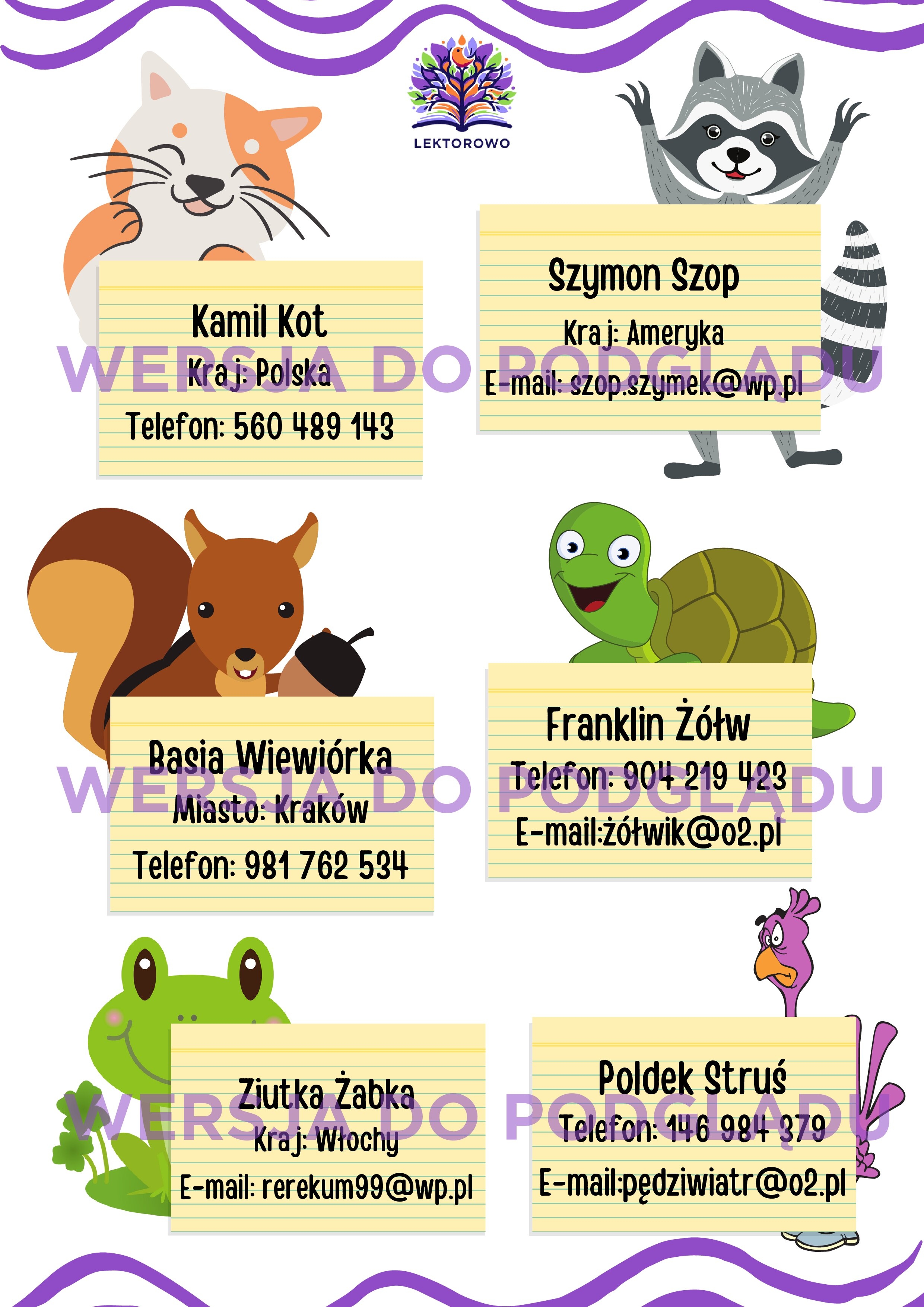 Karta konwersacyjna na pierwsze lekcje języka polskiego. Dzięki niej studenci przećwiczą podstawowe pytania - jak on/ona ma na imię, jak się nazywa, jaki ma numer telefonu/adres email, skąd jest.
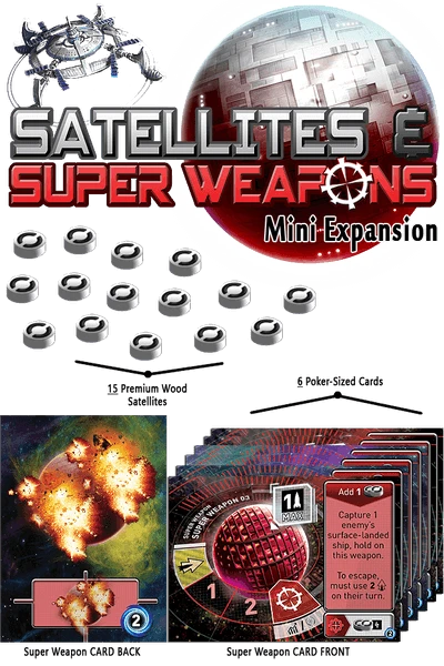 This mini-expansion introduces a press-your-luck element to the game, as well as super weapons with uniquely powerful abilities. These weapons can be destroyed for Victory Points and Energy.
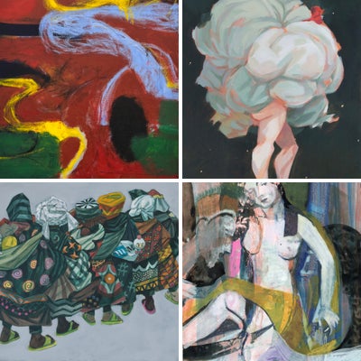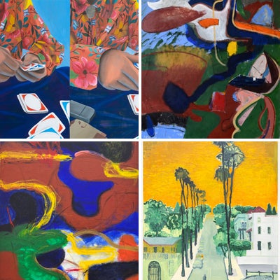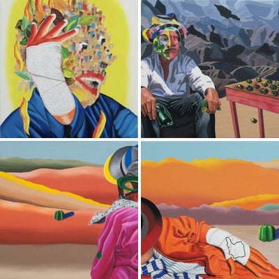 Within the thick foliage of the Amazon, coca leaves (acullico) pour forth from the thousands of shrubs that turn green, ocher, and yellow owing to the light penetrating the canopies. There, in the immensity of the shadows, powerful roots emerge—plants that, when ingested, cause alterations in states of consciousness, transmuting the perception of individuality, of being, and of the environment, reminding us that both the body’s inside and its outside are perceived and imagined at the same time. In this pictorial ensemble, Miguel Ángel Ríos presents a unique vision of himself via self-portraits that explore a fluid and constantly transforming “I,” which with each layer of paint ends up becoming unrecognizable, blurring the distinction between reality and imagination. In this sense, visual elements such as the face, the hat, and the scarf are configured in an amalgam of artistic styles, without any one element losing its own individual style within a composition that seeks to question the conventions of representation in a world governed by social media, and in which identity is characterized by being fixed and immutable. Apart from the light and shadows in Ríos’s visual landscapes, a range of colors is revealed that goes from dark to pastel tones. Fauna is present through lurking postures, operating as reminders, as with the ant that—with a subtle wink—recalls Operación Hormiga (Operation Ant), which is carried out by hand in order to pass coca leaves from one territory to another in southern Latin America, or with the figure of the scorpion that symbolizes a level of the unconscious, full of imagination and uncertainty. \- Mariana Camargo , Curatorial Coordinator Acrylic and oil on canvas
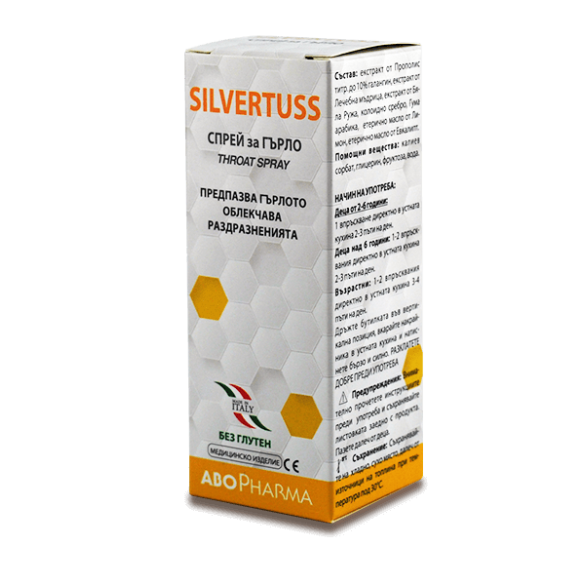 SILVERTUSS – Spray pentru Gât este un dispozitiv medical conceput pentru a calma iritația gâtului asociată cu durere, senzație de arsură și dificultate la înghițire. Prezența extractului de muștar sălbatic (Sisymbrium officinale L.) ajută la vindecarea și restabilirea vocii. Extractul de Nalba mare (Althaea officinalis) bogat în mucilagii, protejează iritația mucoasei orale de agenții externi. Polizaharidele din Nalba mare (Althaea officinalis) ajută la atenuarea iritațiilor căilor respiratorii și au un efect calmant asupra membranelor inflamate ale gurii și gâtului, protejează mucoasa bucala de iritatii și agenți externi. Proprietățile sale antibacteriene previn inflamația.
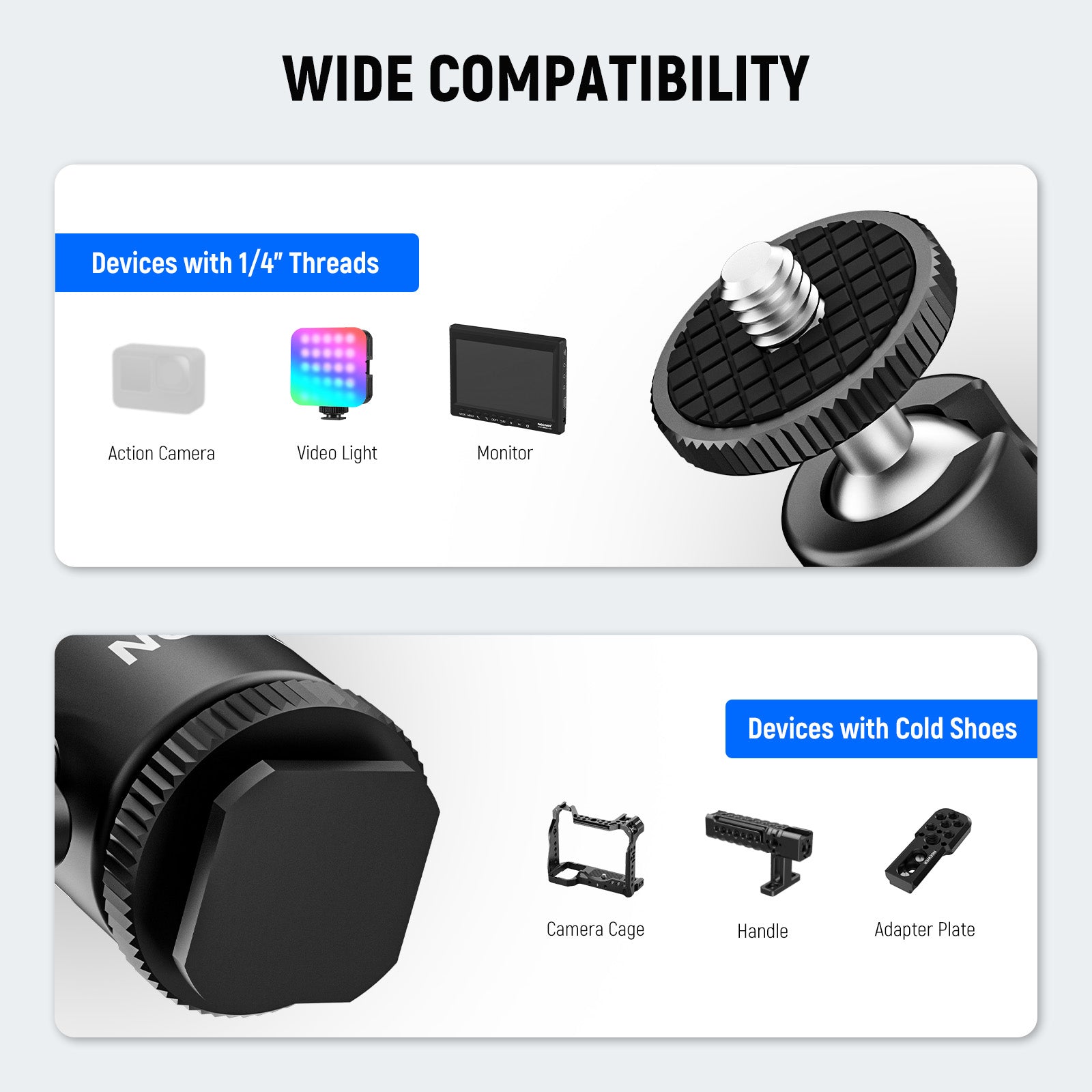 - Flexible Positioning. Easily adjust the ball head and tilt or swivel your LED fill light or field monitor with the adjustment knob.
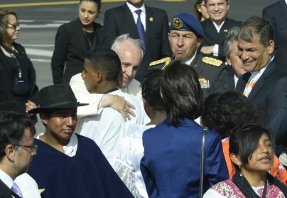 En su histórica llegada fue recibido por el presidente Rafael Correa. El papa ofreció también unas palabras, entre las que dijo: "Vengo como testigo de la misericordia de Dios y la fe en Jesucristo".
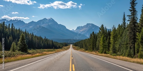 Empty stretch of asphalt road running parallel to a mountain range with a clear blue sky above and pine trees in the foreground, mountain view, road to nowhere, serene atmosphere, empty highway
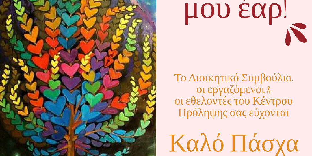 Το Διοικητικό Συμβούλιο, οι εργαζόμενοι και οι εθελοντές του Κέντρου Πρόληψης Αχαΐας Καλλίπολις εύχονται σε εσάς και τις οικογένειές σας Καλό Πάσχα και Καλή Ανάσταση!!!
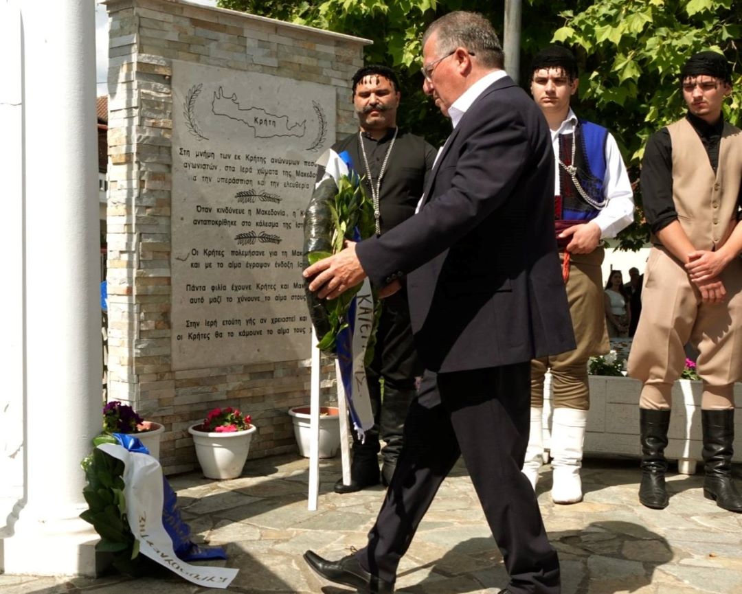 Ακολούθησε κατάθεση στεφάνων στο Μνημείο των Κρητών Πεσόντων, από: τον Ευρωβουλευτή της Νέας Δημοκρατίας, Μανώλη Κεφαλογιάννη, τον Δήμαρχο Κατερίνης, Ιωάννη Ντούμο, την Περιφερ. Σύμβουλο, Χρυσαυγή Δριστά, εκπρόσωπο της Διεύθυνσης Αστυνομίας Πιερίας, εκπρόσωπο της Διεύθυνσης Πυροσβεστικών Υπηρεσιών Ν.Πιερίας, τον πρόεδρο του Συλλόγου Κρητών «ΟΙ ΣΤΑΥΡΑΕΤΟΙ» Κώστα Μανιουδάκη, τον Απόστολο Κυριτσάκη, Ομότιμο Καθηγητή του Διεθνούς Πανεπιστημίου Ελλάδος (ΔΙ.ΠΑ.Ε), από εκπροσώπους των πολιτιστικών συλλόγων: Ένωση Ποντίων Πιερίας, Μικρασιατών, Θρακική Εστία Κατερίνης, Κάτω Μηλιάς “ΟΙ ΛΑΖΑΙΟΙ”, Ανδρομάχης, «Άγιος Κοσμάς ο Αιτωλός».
========================================================================
- _What the task requires_: Copy every record exactly, but skip the pictures.

- _Your response_:
 Karta konwersacyjna na pierwsze lekcje języka polskiego. Dzięki niej studenci przećwiczą podstawowe pytania - jak on/ona ma na imię, jak się nazywa, jaki ma numer telefonu/adres email, skąd jest.
 This mini-expansion introduces a press-your-luck element to the game, as well as super weapons with uniquely powerful abilities. These weapons can be destroyed for Victory Points and Energy.
 Within the thick foliage of the Amazon, coca leaves (acullico) pour forth from the thousands of shrubs that turn green, ocher, and yellow owing to the light penetrating the canopies. There, in the immensity of the shadows, powerful roots emerge—plants that, when ingested, cause alterations in states of consciousness, transmuting the perception of individuality, of being, and of the environment, reminding us that both the body’s inside and its outside are perceived and imagined at the same time. In this pictorial ensemble, Miguel Ángel Ríos presents a unique vision of himself via self-portraits that explore a fluid and constantly transforming “I,” which with each layer of paint ends up becoming unrecognizable, blurring the distinction between reality and imagination. In this sense, visual elements such as the face, the hat, and the scarf are configured in an amalgam of artistic styles, without any one element losing its own individual style within a composition that seeks to question the conventions of representation in a world governed by social media, and in which identity is characterized by being fixed and immutable. Apart from the light and shadows in Ríos’s visual landscapes, a range of colors is revealed that goes from dark to pastel tones. Fauna is present through lurking postures, operating as reminders, as with the ant that—with a subtle wink—recalls Operación Hormiga (Operation Ant), which is carried out by hand in order to pass coca leaves from one territory to another in southern Latin America, or with the figure of the scorpion that symbolizes a level of the unconscious, full of imagination and uncertainty. \- Mariana Camargo , Curatorial Coordinator Acrylic and oil on canvas
 SILVERTUSS – Spray pentru Gât este un dispozitiv medical conceput pentru a calma iritația gâtului asociată cu durere, senzație de arsură și dificultate la înghițire. Prezența extractului de muștar sălbatic (Sisymbrium officinale L.) ajută la vindecarea și restabilirea vocii. Extractul de Nalba mare (Althaea officinalis) bogat în mucilagii, protejează iritația mucoasei orale de agenții externi. Polizaharidele din Nalba mare (Althaea officinalis) ajută la atenuarea iritațiilor căilor respiratorii și au un efect calmant asupra membranelor inflamate ale gurii și gâtului, protejează mucoasa bucala de iritatii și agenți externi. Proprietățile sale antibacteriene previn inflamația.
 - Flexible Positioning. Easily adjust the ball head and tilt or swivel your LED fill light or field monitor with the adjustment knob.
 En su histórica llegada fue recibido por el presidente Rafael Correa. El papa ofreció también unas palabras, entre las que dijo: "Vengo como testigo de la misericordia de Dios y la fe en Jesucristo".
 Empty stretch of asphalt road running parallel to a mountain range with a clear blue sky above and pine trees in the foreground, mountain view, road to nowhere, serene atmosphere, empty highway
 Το Διοικητικό Συμβούλιο, οι εργαζόμενοι και οι εθελοντές του Κέντρου Πρόληψης Αχαΐας Καλλίπολις εύχονται σε εσάς και τις οικογένειές σας Καλό Πάσχα και Καλή Ανάσταση!!!
 Ακολούθησε κατάθεση στεφάνων στο Μνημείο των Κρητών Πεσόντων, από: τον Ευρωβουλευτή της Νέας Δημοκρατίας, Μανώλη Κεφαλογιάννη, τον Δήμαρχο Κατερίνης, Ιωάννη Ντούμο, την Περιφερ. Σύμβουλο, Χρυσαυγή Δριστά, εκπρόσωπο της Διεύθυνσης Αστυνομίας Πιερίας, εκπρόσωπο της Διεύθυνσης Πυροσβεστικών Υπηρεσιών Ν.Πιερίας, τον πρόεδρο του Συλλόγου Κρητών «ΟΙ ΣΤΑΥΡΑΕΤΟΙ» Κώστα Μανιουδάκη, τον Απόστολο Κυριτσάκη, Ομότιμο Καθηγητή του Διεθνούς Πανεπιστημίου Ελλάδος (ΔΙ.ΠΑ.Ε), από εκπροσώπους των πολιτιστικών συλλόγων: Ένωση Ποντίων Πιερίας, Μικρασιατών, Θρακική Εστία Κατερίνης, Κάτω Μηλιάς “ΟΙ ΛΑΖΑΙΟΙ”, Ανδρομάχης, «Άγιος Κοσμάς ο Αιτωλός».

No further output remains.